In October 2014, photos of a "[N-word] hunting" license circulated on social media sites, often accompanied by a message claiming the license had been issued by the state of Missouri:
The pictured license was not issued by the state of Missouri, nor did it provide the holder the legal right to hunt and kill African-Americans. It was a real piece of racist memorabilia said to date from the 1920s (but actually artificially aged), one which was reportedly sold at an annual party thrown by the Bureau of Alcohol, Tobacco and Firearms (ATF) called "The Good Ol' Boys Roundup" in 1995.
In 1995, the New York Times and other news outlets published an articles detailing some of the racist behavior that allegedly took place at the Good Ol' Boys Roundup. Reports claimed vendors at the event sold T-shirts showing Dr. Martin Luther King, Jr. in the crosshairs of a rifle, as well as other racist memorabilia such as the aforementioned licenses. A video reportedly taken at the event by Jeff Randall of the Gadsden Minutemen also showed a "[N-word] Checkpoint" sign and a "No Blacks Allowed" sign:
The media attention given to this event prompted the Department of Justice to look into the matter, and while DOJ investigators found evidence of "shocking racist behavior," they could not prove racist hunting licenses had been sold at the event:
Our investigation revealed ample evidence of shocking racist, licentious, and puerile behavior by attendees occurring in various years.

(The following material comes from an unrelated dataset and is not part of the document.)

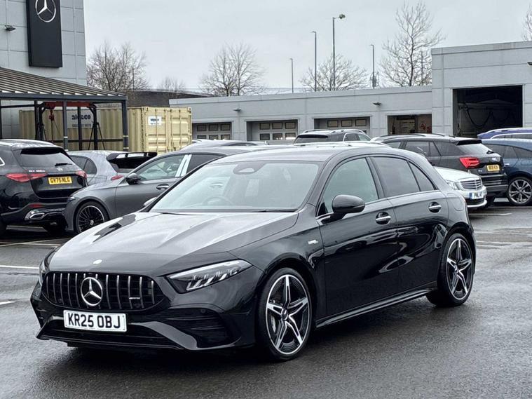 **ENQUIRE NOW ONLINE OR CALL 01743522189** QUOTE *KR25OBJ* TO GET A PERSONALISED GUIDED VIDEO TOUR OF THIS CAR Lookers Mercedes-Benz of Shrewsbury are pleased to be offering this fantastic A35 AMG Premium Hatchback Automatic finished in Obsidian Black Metallic over a contrasting Black Artico Leather Interior. Having just covered 6322 miles, this lovely example benefits from a Full Mercedes-Benz Service History ready for its new owner to enjoy! Many features are included on the Premium specification such as 19" AMG 5 Twin Spoke Alloy Wheels, MBUX Augmented Reality Navigation, Apple CarPlay & Android Auto, Heated Front Seats, Ambient Lighting, Rear View Camera, DAB Digital Radio, Privacy Glass, Cruise Control, Electrically Adjustable Front Seats with Memory & plenty more! Your chance to own this beautiful Mercedes-Benz. From our Modern Showroom located on Battlefield Industrial Estate with easy links to the M54 & M6 Motorway, Lookers Mercedes-Benz of Shrewsbury is proud to deliver New and Used vehicles for our customers, through superb levels of customer service and support, we work hard to meet your high expectations. Our comprehensive range of vehicles will satisfy all who demand the best – whether for private or business use. Our experienced showroom staff offer excellent customer service with easy Click & Drive, the simple, contactless way to buy a car. Don't miss out! Call today to reserve this beautiful Mercedes-Benz from Lookers Mercedes-Benz of Shrewsbury. *DISCLAIMER* - Vehicle Specification & Features are provided by Third-Party sources. Whilst we make checks for accuracy, we unfortunately can not be held responsible for any inaccuracies.
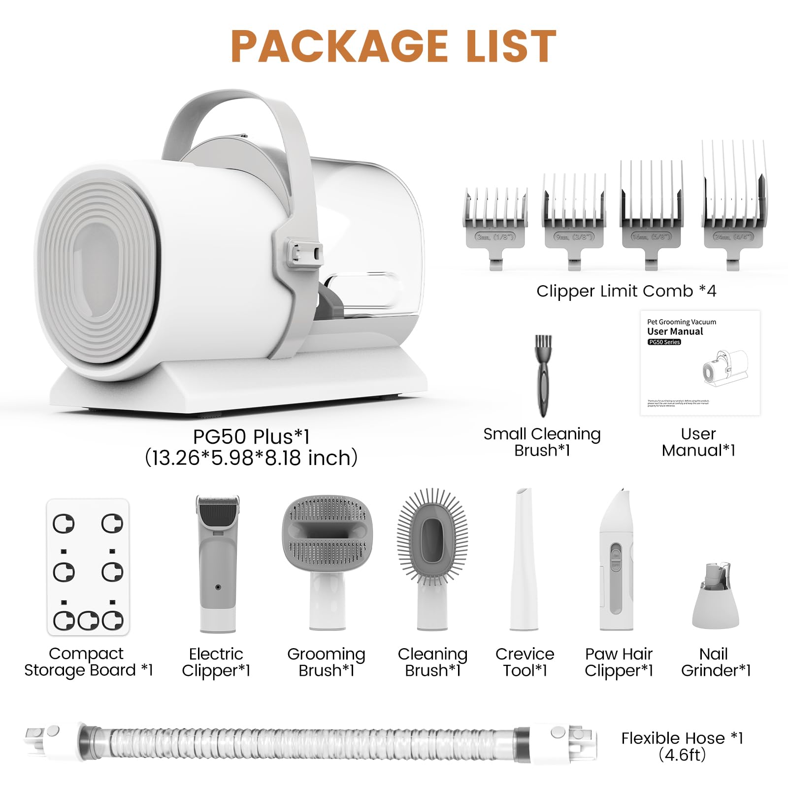 Dog Grooming Vacuum and Kit, Clipper Nail Trimmer Grinder, 2.5L Dust Cup 7 Grooming Tools 11000Pa Pet Vacuum for Shedding Grooming, Dog Hair Vacuum, Home Cleaning, PG50 Plus

For 1995, Randall contended that "nigger hunting licenses" were openly available on the Roundup campground. We found no evidence that such "licenses" were widely available at the Roundup; indeed, we found no one other than Randall who claimed to have seen one in the campground.
Similarly, news outlets reported that the most controversial incidents associated with the "Good Ol' Boys Roundup" may have been staged for cameras:
Last month,the media widely reported a story about alleged racist activities taking place at a gathering of law enforcement officers and federal agents was widely reported. Now, it appears those incidents may have been staged for cameras by a disgruntled former police officer at the "Good Ol' Boys Roundup" in Tennessee.

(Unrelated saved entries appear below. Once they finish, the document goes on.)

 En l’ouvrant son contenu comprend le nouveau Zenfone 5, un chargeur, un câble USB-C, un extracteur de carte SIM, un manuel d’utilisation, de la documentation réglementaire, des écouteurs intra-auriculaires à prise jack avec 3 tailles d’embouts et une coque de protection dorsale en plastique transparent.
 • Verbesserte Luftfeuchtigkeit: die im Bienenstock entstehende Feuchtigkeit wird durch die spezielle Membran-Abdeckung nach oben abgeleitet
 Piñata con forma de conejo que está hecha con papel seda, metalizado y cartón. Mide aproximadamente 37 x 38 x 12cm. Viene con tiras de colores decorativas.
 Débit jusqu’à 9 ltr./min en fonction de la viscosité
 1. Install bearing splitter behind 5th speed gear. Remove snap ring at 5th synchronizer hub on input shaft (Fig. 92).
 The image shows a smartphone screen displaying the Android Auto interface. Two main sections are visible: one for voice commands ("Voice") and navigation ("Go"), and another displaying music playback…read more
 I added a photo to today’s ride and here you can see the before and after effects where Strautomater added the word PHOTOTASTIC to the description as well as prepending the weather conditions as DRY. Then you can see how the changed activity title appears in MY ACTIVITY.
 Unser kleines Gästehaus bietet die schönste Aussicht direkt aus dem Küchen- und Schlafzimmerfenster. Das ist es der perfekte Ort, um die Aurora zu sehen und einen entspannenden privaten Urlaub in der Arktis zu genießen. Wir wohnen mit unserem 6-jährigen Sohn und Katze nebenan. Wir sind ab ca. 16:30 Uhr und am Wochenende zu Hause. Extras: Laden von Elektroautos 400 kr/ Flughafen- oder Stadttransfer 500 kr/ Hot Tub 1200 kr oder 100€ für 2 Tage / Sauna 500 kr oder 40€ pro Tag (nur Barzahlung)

The New York Times reports in its Sunday edition that former Fort Lauderdale, Florida police officer Richard Hayward is the source of the stories. He reportedly made his allegations after the Roundup organizer in 1993 kept him from distributing David Duke campaign literature. Duke is the former Louisiana Ku Klux Klansman who ran unsuccessfully for the U.S. Senate. The organizer also told the New York Times that Hayward had tried to display "white power" stickers.
The newspaper reports Hayward fed his story to the National Rifle Association last spring. He reportedly also gave NRA officials the 90-second videotape of the Roundup that was shown in TV reports last month. The tape shows a banner warning, "Nigger check point," and tells of agents selling "nigger hunting licenses."

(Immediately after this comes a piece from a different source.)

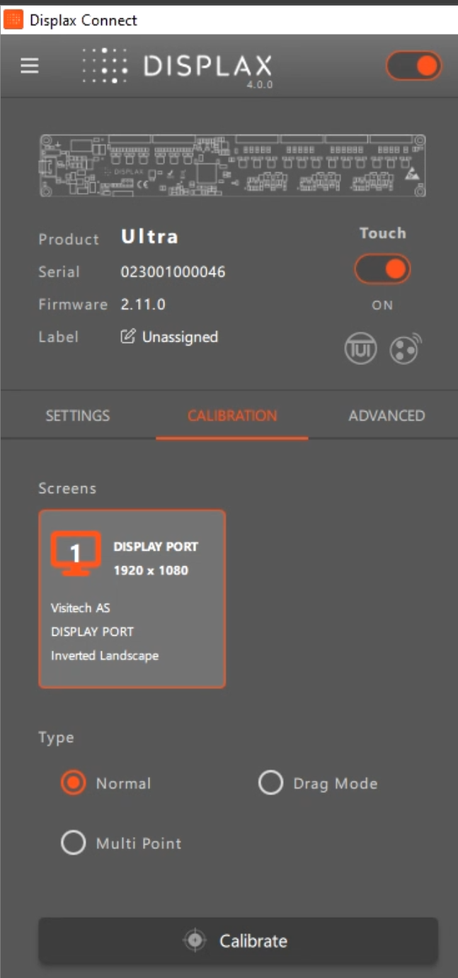 If you are using a single Displax TILE Pro unit, the calibration process is straightforward and closely mirrors the procedure used for a standard Displax Skin. You will use the Displax Connect software to align the touch sensor with your operating system's display coordinates.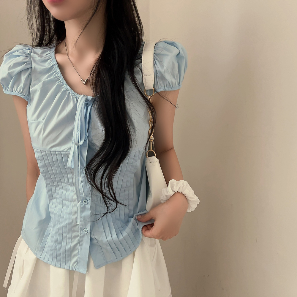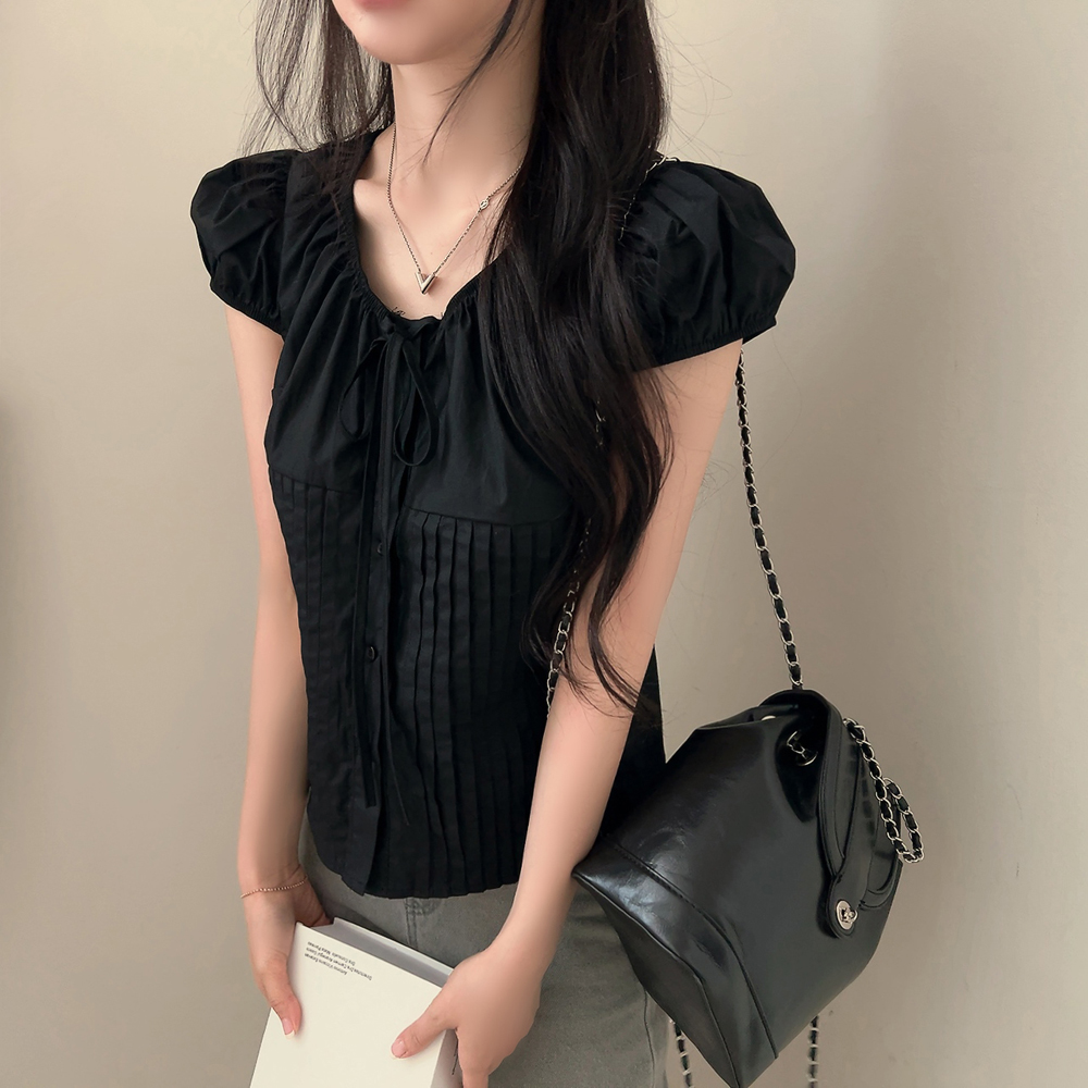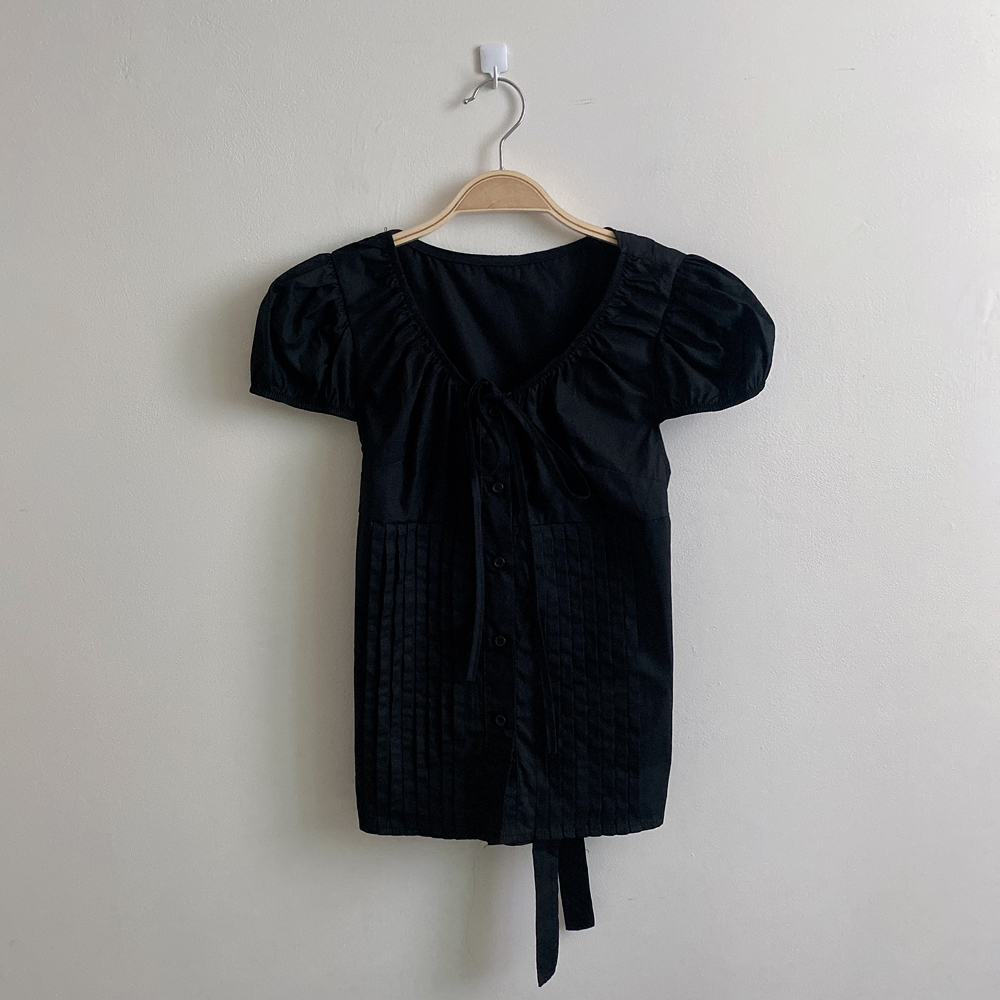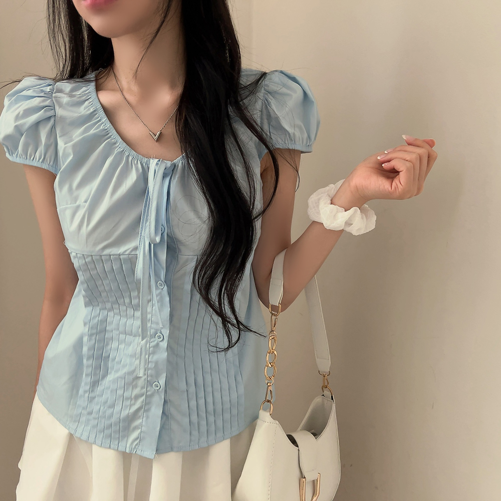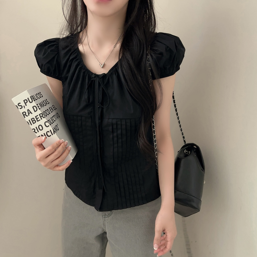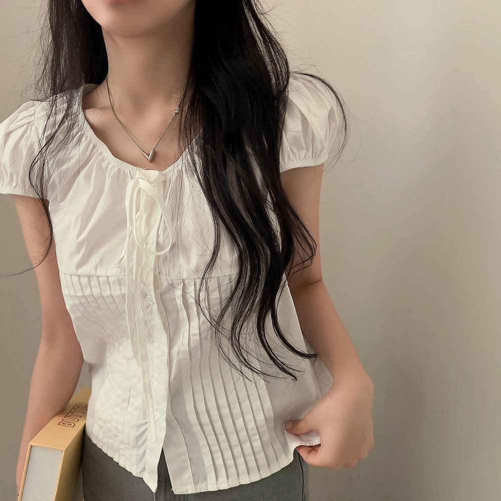 シャーリングリボンタック入りラウンドパフ半袖ブラウス

The Times report says the NRA officials informed a Washington Times reporter about Hayward's claims. That newspaper broke the story on July 11. The New York Times says Justice Department investigators and civil rights leaders have doubted the story from the beginning, although Hayward insists his videotape is genuine. The newspaper reports he has since had a falling out with the NRA, which now says its leaders doubted the videotape from the start.
Although the hunting licenses may not have been sold at the Good Ol' Boys Roundup, nor were they legal documents issued by the state of Missouri, these pieces of racist memorabilia really do exist, and some online stores still sell "federal [N-word] hunting licenses":
The Jim Crow Museum of Racist Memorabilia noted that a variety of materials with racist themes continue to be created and vended in the United States:
The battle continues. Objects with racist themes are created, produced, and sold weekly in the United States. In some instances, the objects (or images) are racially insensitive or demeaning in direct ways. In other cases, their racist meanings are more nuanced. The only redeeming value for all of these objects (and images) is that they can be used to teach tolerance and promote social justice.